A typical recipe from the Tamil heartlands, this is a hearty, though slightly spicy and sour stew which goes very well with rice. This is not a typical tambram recipe. It’s quite funny that while I love garlic and love it in most north Indian sabzis, for some reason, probably due to my tambram genes, I can’t stand it in typical south Indian food. While the original recipe calls for whole garlic pods in the kozambu or stew, I ground it along with the other spices. I served it with brown rice and a stir fried vegetable and loved it. Here’s the recipe which I tweaked!
Vendakkai Puli Kozambu aka Okra Tamarind Stew
- 1 lime-sized ball of tamarind, soaked in warm water for 15-20 minutes, then squeezed to get the water, which will be used. Alternatively, use 1-2 tsp of tamarind paste which can be brought in any Indian store.
- 1 cup ladies finger or okra, cut into 1 inch circles
- 1 onion, chopped
- 2 tbsps gingelly oil
- 1 tsp mustard seeds
- Salt to taste
To be ground into a paste:
- 8-10 garlic cloves
- 1 onion, chopped
- 1 tomato, chopped
- 2 tsp coriander seeds
- 1 tsp fennel seeds
- 1/2 tsp fenugreek seeds
- 5-6 dried red chillies
- 1/4 cup coconut
- 2 tsps oil
- In a pan, take the oil (not the gingelly oil) and fry in the following order the spices: coriander seeds, fennel seeds, fenugreek seeds and dried chilli. Stir each spice for a few seconds before adding the next spice.
- Next add the garlic and let it become slightly golden, then the onions and let it become translucent and last the tomatoes.
- Add a tsp of salt to help the tomatoes to lose water and become slight mushy.
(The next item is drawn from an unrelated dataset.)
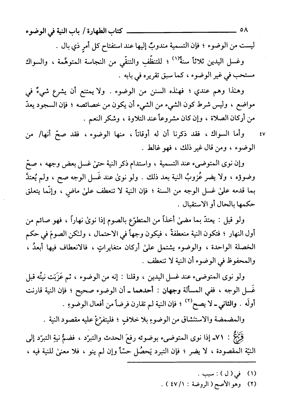 71 - إذا نوى المتوضىء بوضوئه رفعَ الحدث والتبرّد، فضمُّ نيةِ التبرّد إلى النيّة المقصودة، لا يضر؛ فإن التبرد يَحصُل حسّاً وإن لم ينو، فلا معنى للنية فيه،

In the end, add the coconut and let it cook a while. Once it has cooked around five minutes, switch off the gas and let it cool completely. Once cool, blend it to a fine paste.
- In another pan, add the gingelly oil and fry the ladies finger/okra until it cooks and becomes crisp. Remove from the gas and keep aside.
- In the same pan, with the balance oil, add the mustard seeds and then chopped onions.
- When the onions become translucent, put in the blended paste and stir for a few seconds. Now add the tamarind juice and let it come to a boil.
- Add the crisp ladies finger/okra and salt to taste and let the stew boil for 10 minutes.
- The stew is done when the oil floats to the top.
- Enjoy with rice and a vegetable of your choice!